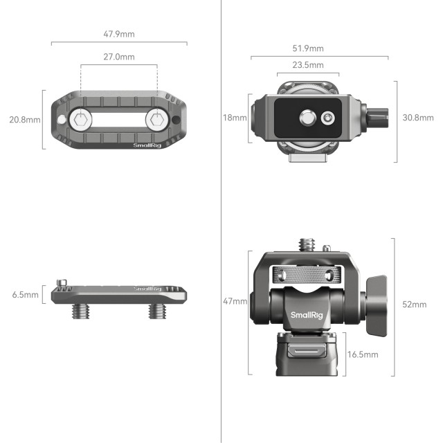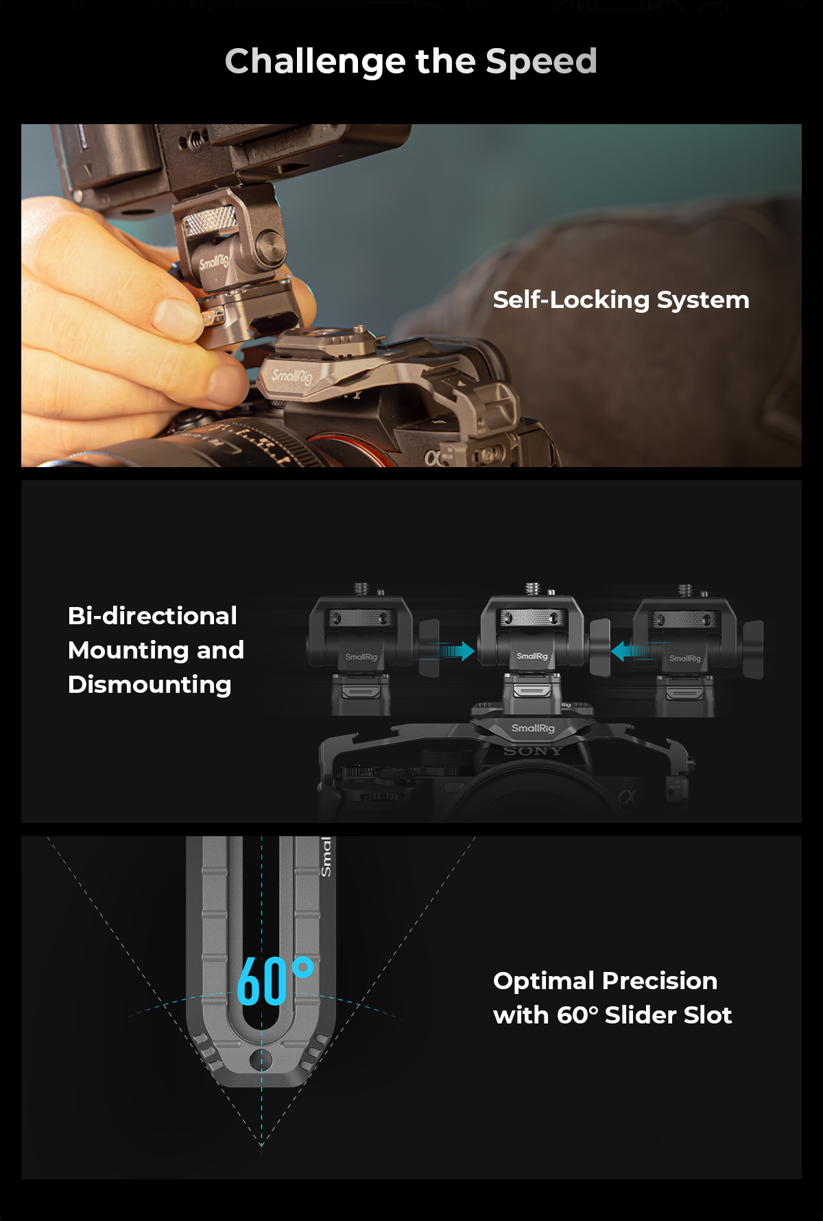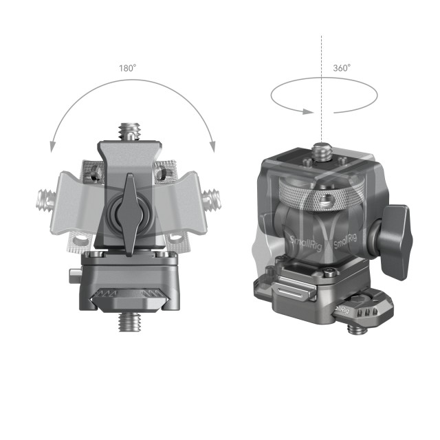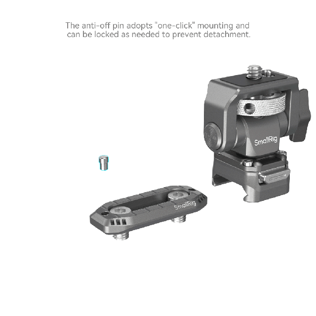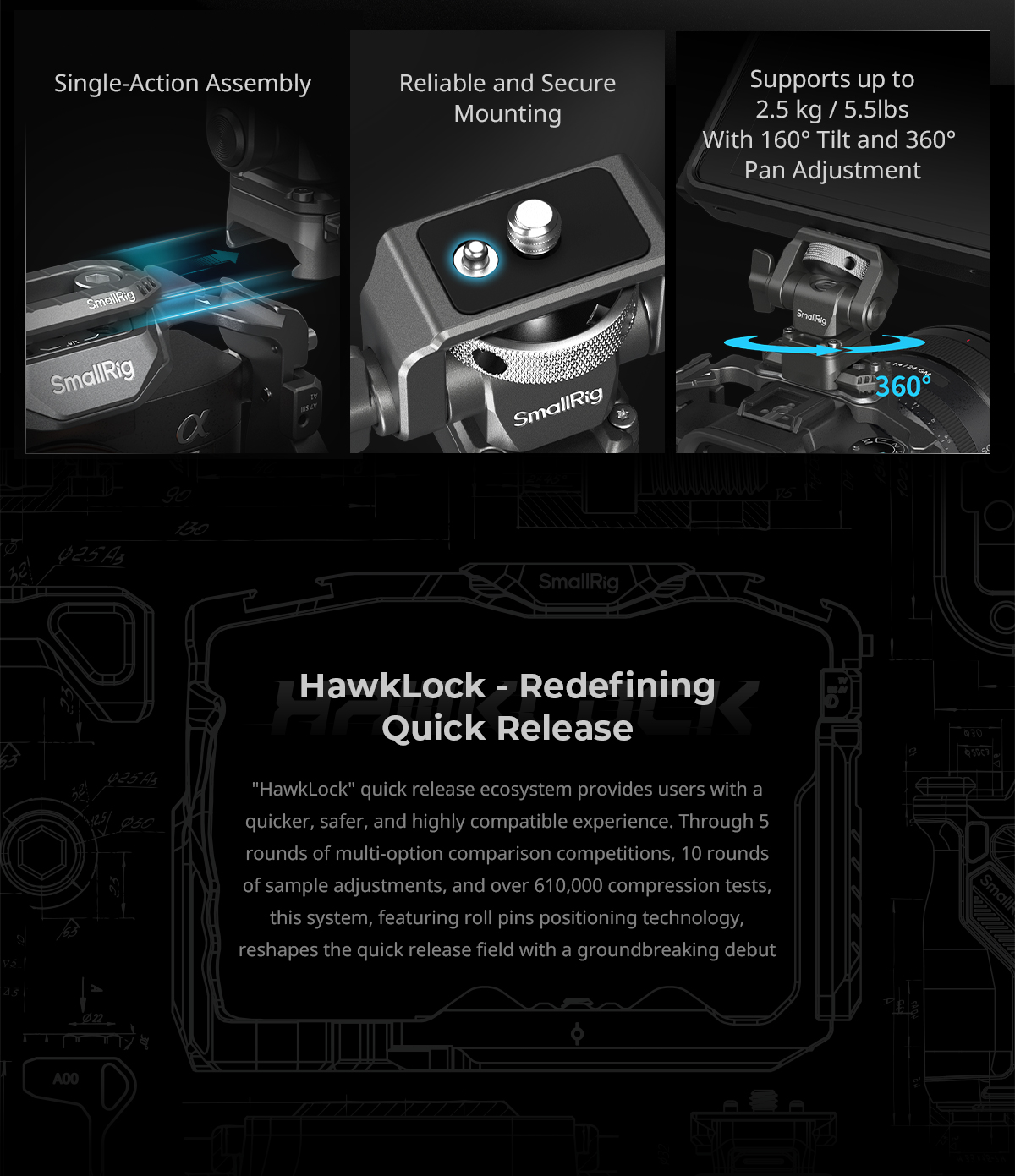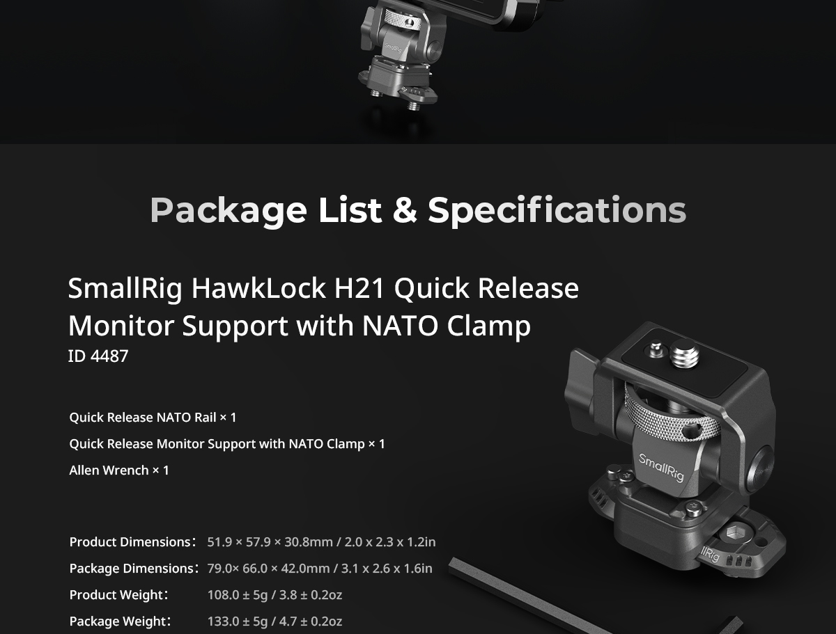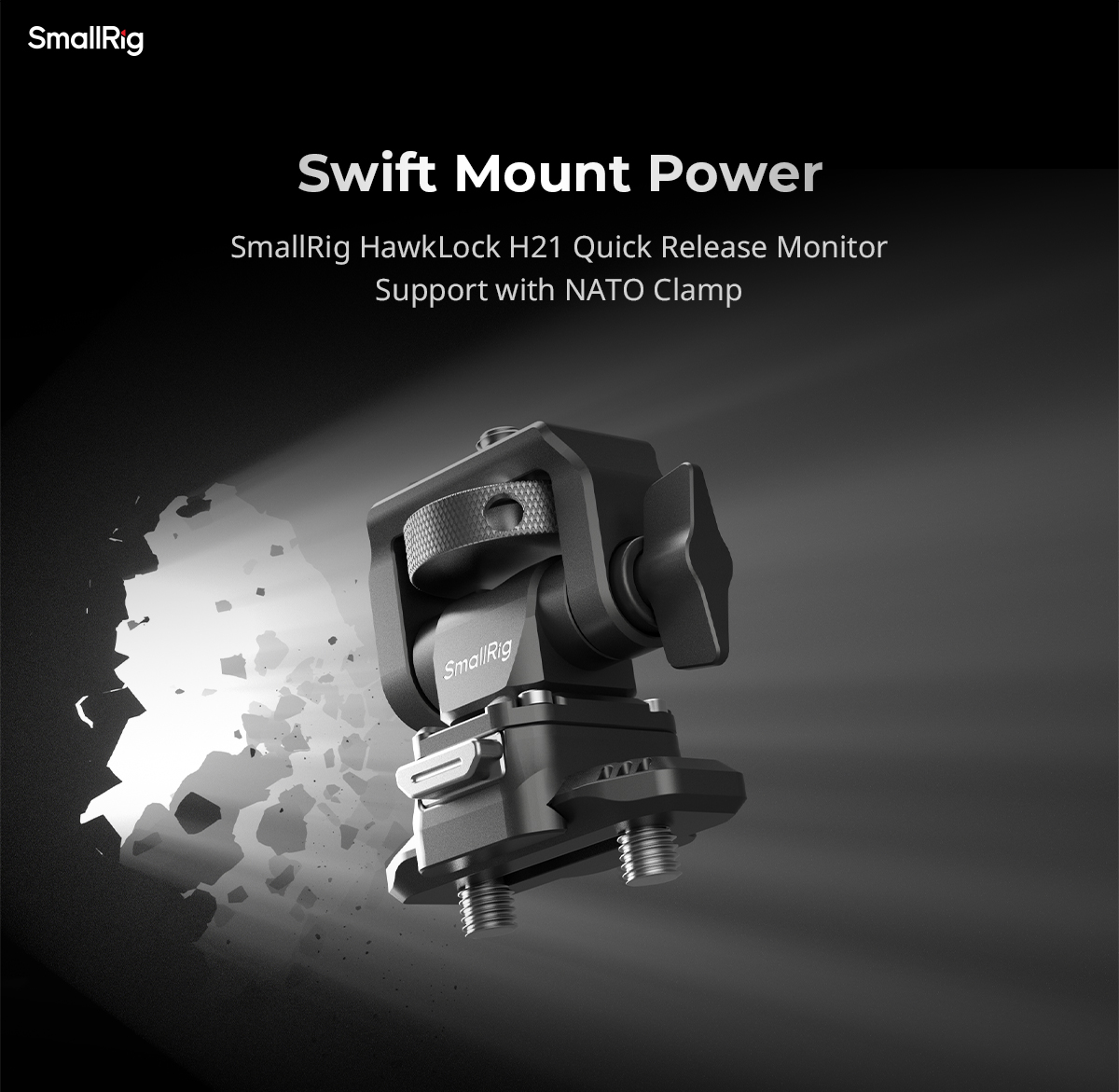SmallRig HawkLock H21 Schnellwechsel-Monitorhalterung mit NATO-Klemme 4487 besteht aus einer Schnellwechsel-Monitorhalterung mit NATO-Klemme und einer NATO-Schnellwechselschiene. Drücken Sie den Knopf, um die Stifte aufzubördeln und die NATO-Schiene in die Rille zu schieben. Lassen Sie den Knopf los, um die NATO-Schiene sicher in der Monitorhalterung zu verriegeln, was die Konstruktion stabil und den Vorgang zeitsparend macht. Die 1/4"-20-Schraube an der Oberseite kann zur Befestigung eines Monitors, Mikrofons, Lichts oder, dank des eingebauten federbelasteten Fixierstifts, eines Ninja V / Ninja V+ Monitors verwendet werden, um ein Durchbiegen zu verhindern. Der Artikel unterstützt eine Neigungsverstellung von 160°, und die Festigkeit der Neigungsachse kann über den Drehknopf schnell eingestellt werden, um sich besser an Geräte mit unterschiedlichen Gewichten anzupassen. Das Gerät kann bis zu 2,5 kg / 5,5 lb halten, und die Dämpfung liegt nach 10.000 Kippvorgängen unter 20 %, was es langlebig macht. 360° schwenkbar mit horizontaler Achsenspannung, die mit dem mitgelieferten Sechskantschlüssel eingestellt werden kann.
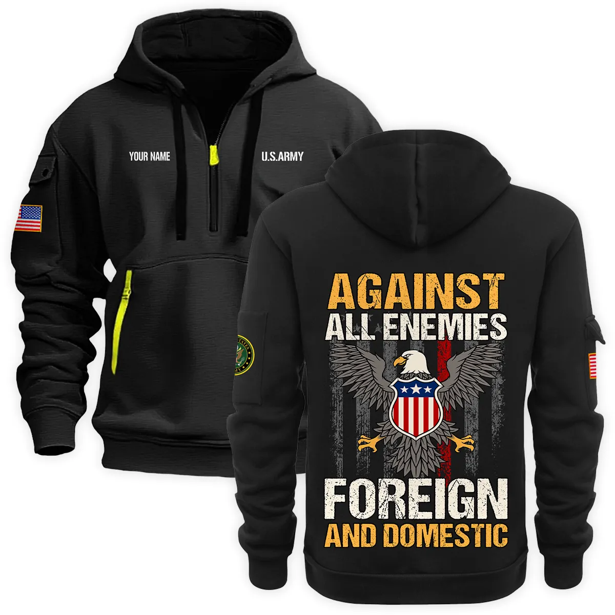 New Release Personalized Name U.S. Army Veteran Hoodie Half Zipper HBLVTR100424A01AM
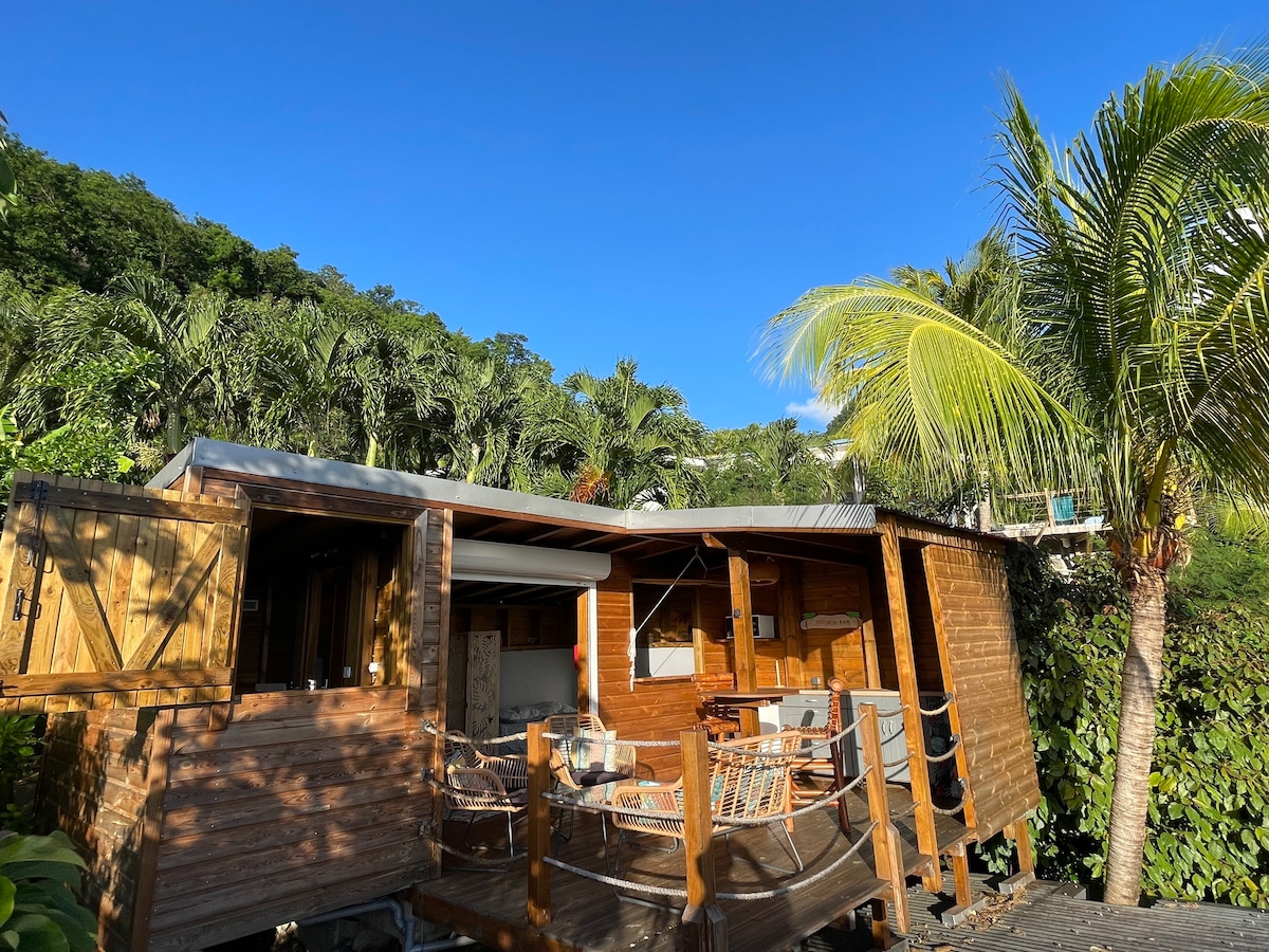 Vivez une expérience unique ! immergée dans un jardin tropical, bingalow vue imprenable sur la mer et la réserve Cousteau. Accessible par un chemin très pentu sur 100m, vous ne pourrez y accéder qu'à pied ou en 4x4 mais je monte vos valises et vos courses. Energie solaire et captage de rivière. Vous serez seuls à profiter de ce magnifique endroit. Venez vivre un moment en harmonie avec la nature et les éléments ! 10 minutes à pied de la mer, 20 de la plage. Cabane avec tout le confort
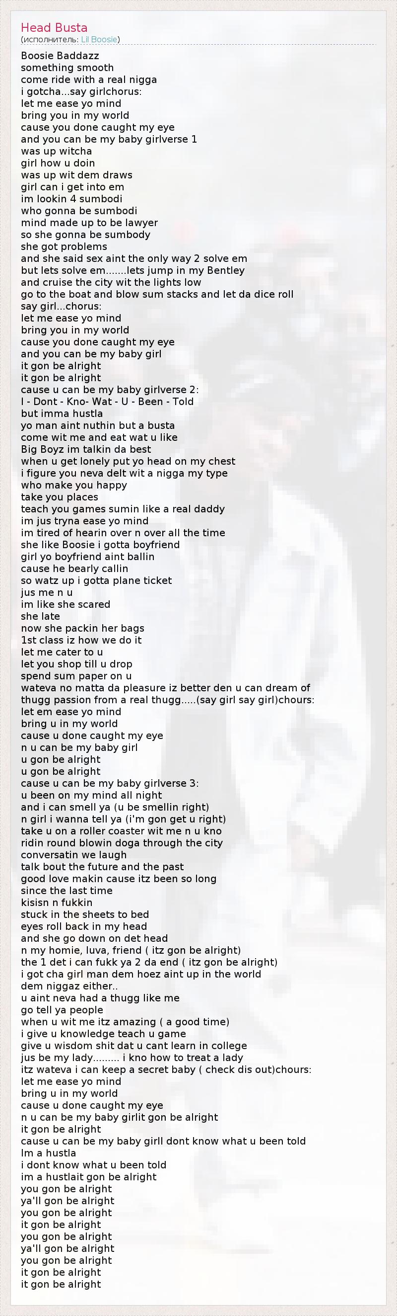 Это интересно:Лил Бусси родился 14-го ноября 1983-го года – в Батон-Руж, в Луизиане. Вырос музыкант на улицах городских «джунглей» - опасных, полных наркотиков и насилия. В свое время Лил увлекся баскетболом и спорт придал жизни Бусси иное направление.Когда музыканту исполнилось четырнадцать лет, он переехал жить к бабушке, так как остался практически сиротой – его отец был убит наркодилерами. Впоследствии,... продолжение
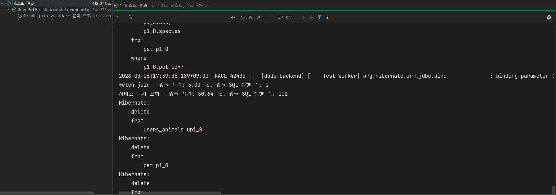 먼저 Fetch Join 방식은 UserPet을 조회하는 시점에 Pet까지 함께 가져오도록 구성했습니다.
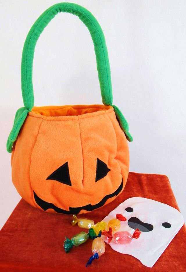 pluszowa torebka w kształcie dyni na halloweenowe słodkie zdobycze.
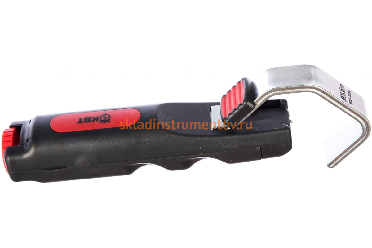 Инструмент для снятия изоляции КВТ КС-35у 70439 предназначен для обработки круглых кабелей диаметром от 28 до 35 мм. Для продольного и радиального реза оболочки провода в конструкции предусмотрен автоматически поворачивающийся нож. Работать таким инструментом очень удобно за счет его компактности и эргономичности.
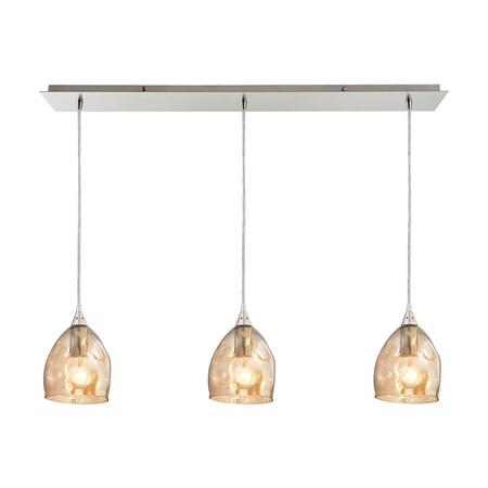 31595/3LP ELK Lighting Niche 3-Light Linear Mini Pendant Fixture In Satin Nickel With Champagne-Plated Glass

- Task goal
Nothing but the lines from the one containing "Инструмент для снятия" to the last line of the records should be returned, exactly as they appear and without pictures.

- Output of the task
 Инструмент для снятия изоляции КВТ КС-35у 70439 предназначен для обработки круглых кабелей диаметром от 28 до 35 мм. Для продольного и радиального реза оболочки провода в конструкции предусмотрен автоматически поворачивающийся нож. Работать таким инструментом очень удобно за счет его компактности и эргономичности.
 31595/3LP ELK Lighting Niche 3-Light Linear Mini Pendant Fixture In Satin Nickel With Champagne-Plated Glass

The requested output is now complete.